For this reason I would not make annotations visible by default, I would
opt-in by WITH COMMENTS / WITH ANNOTATIONS only and keep the current output
as is.


On Tue, Aug 12, 2025 at 10:56 AM Mick <[email protected]> wrote:

> a point of order and a reminder: aside from suggestions that the CEP
> author is free to adopt or not, anything that's assuming to steer what the
> CEP should be should be accompanied with the willingness to commit in
> helping making it happen.  we want to work as a meritocracy: those that
> lead the work have the say, and blocking their chosen approach against
> their wishes is only on clear technical reasons.  API designs (CQL
> additions) always needs to be chosen and evolved carefully, and every CEP
> proposed should be open to that being naturally part of its discussion
> pre-vote.
>
> following the PG approach does make a lot of sense.
> what are your thoughts on it Jyothsna & Yifan ?
>
>
>
> > On 12 Aug 2025, at 09:14, Štefan Miklošovič <[email protected]>
> wrote:
> >
> > I like the idea of COMMENT ON and alike from PG! Yes, great stuff, as we
> do not invent anything custom and we will be as close as possible to
> industry standard.
> >
> > So, if I understand this correctly, on COMMENT ON, we would save each
> comment to a dedicated table.
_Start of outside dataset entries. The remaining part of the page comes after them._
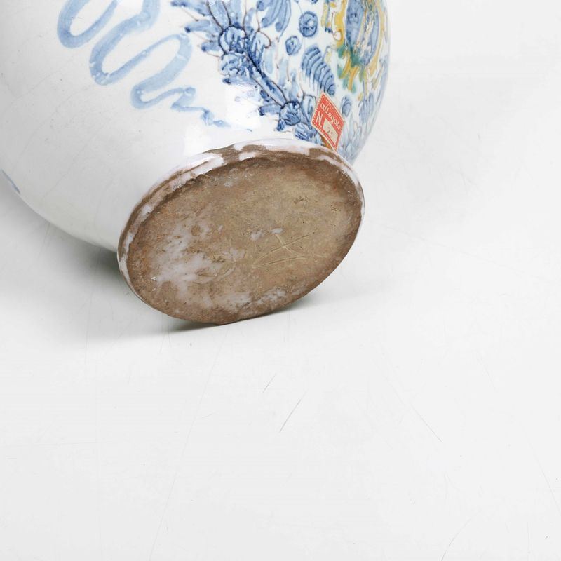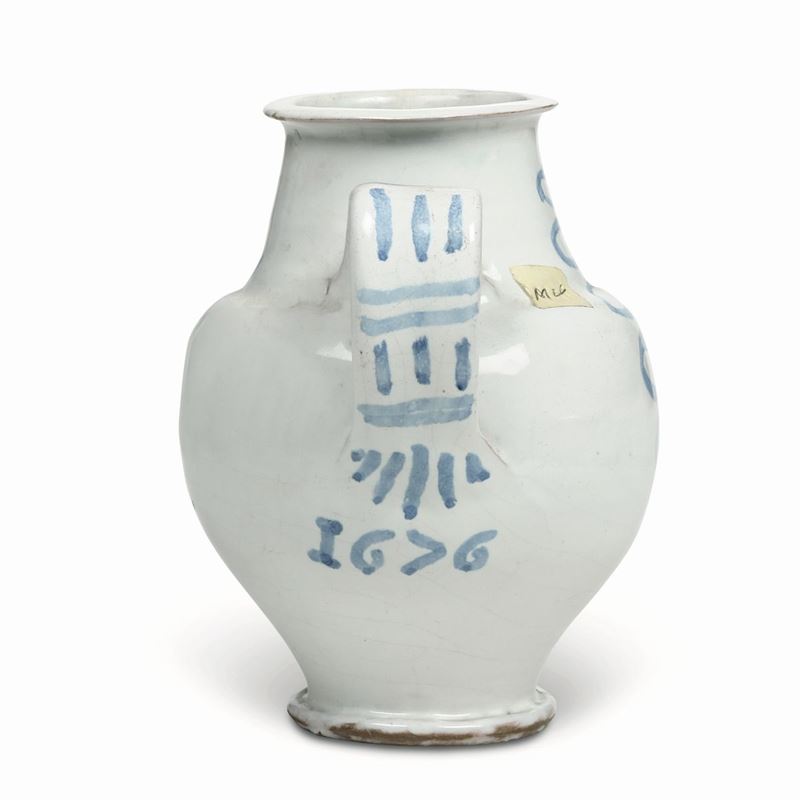 Vaso da farmacia interessante per la presenza della data "1676", che sancisce sia l’esecuzione del corredo a cui apparteneva sia la fortuna dello "stile calligrafico- naturalistico", di gusto orientaleggiante, che nel repertorio di Deruta rappresentò uno dei motivi di maggiore fortuna ed estensione produttiva del ‘600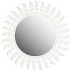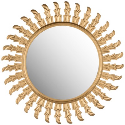 Sun worship takes on new meaning with the round Inca Sun mirror by Safavieh. This unique sunburst in a soft gray finish is created with a classical leaf motif inspired by the form of ancient carved arrows. Use this stellar accessory to add timeless elegance to a living room, bedroom or entry hall. The Sunburst Inca Sun Decorative Wall Mirror by Safavieh is a delicate and lux addition and available in several colors to best complement your personal tastes and decor.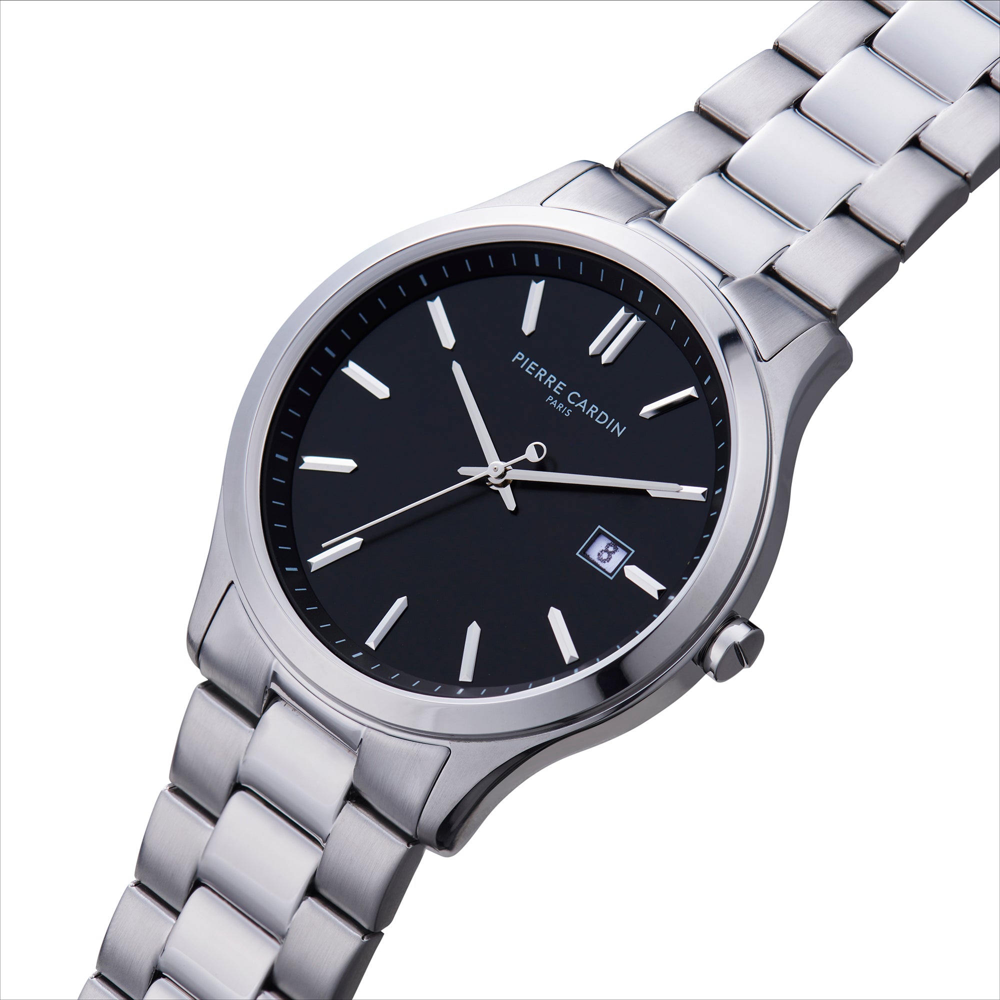 Épinettes Essential Stainless Steel Watch with Black Dial and Metal Links Strap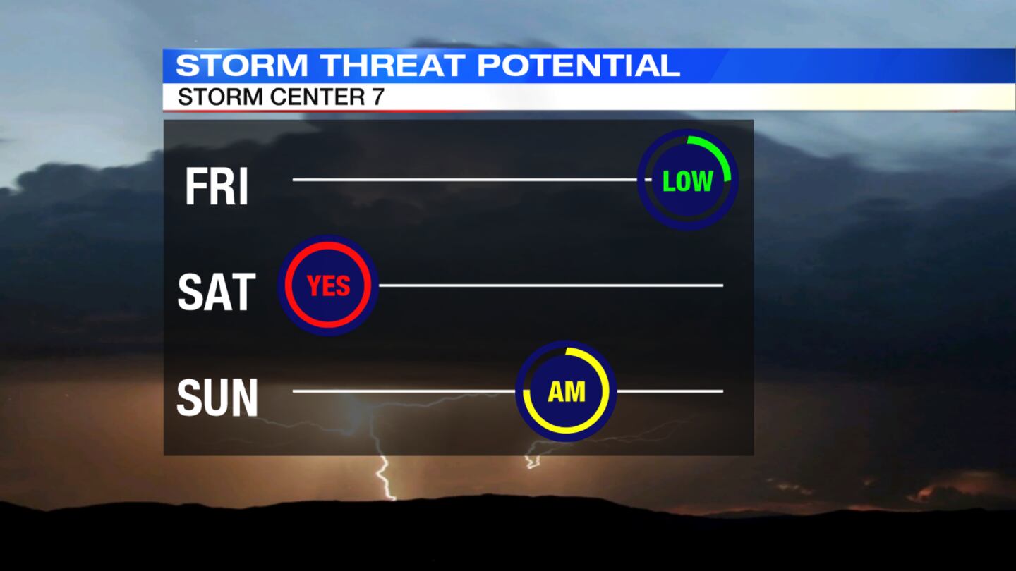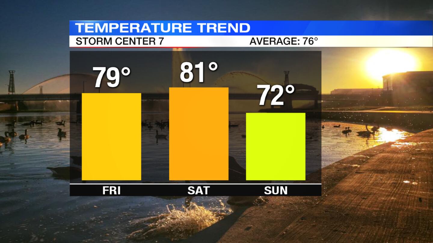 Saturday: The weekend starts dry with highs around 80 degrees. Clouds increase with the chance for passing showers or storms by the late afternoon and evening.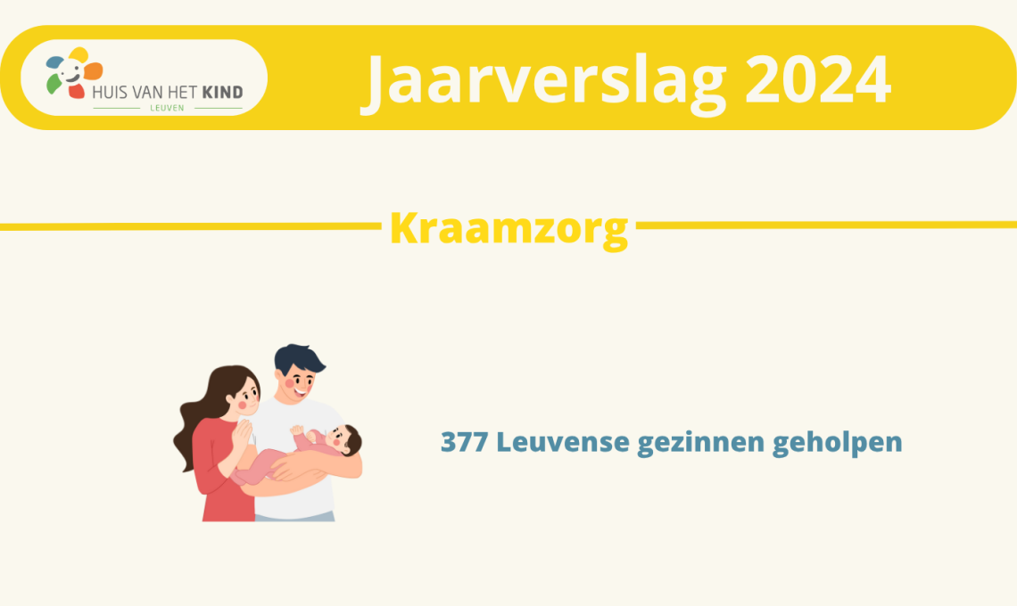 Kraamzorg draagt bij aan de basisondersteuning voor gezinnen gedurende de kraamperiode. Ook in ons Huis van het Kind kunnen we terugvallen op de betrokkenheid van diverse actoren kraamzorg en gezinszorg. Zij bereikten in 2024 in totaal 377gezinnen (in 2023 450) en presteerden in die gezinnen heel wat kraamzorguren.

Then on DESCRIBE, we would "enrich" the CQL
> element we are describing with commentary, if any, from that comment table,
> correct?
> >
> > I, in general, support this idea, but as usual the devil is in the
> details. I am just genuinely curious how this would work in practice.
> >
> >
> > If we go with COMMENT ON, is this going to be stored to TCM or not?
> >
> >
> > If the answer is yes, then it is way more simpler, because then this
> commentary would be dispersed by the means of TCM and each node would apply
> this transformation locally to system_schema.annotations.
> >
> > If the answer is no and if there is a cluster and we do COMMENT ON, then
> this comment has to be saved to a table. If we rule out TCM as a vehicle
> for the dispersion of these comments, that comment table has to be
> distributed / replicated, correct? I do not think that we can create that
> table under system_schema then, as that is on LocalStrategy and all
> modifications to that are, as I understand it, done via TCM?
> >
> > Hence, I guess the better place for that is under system_distributed?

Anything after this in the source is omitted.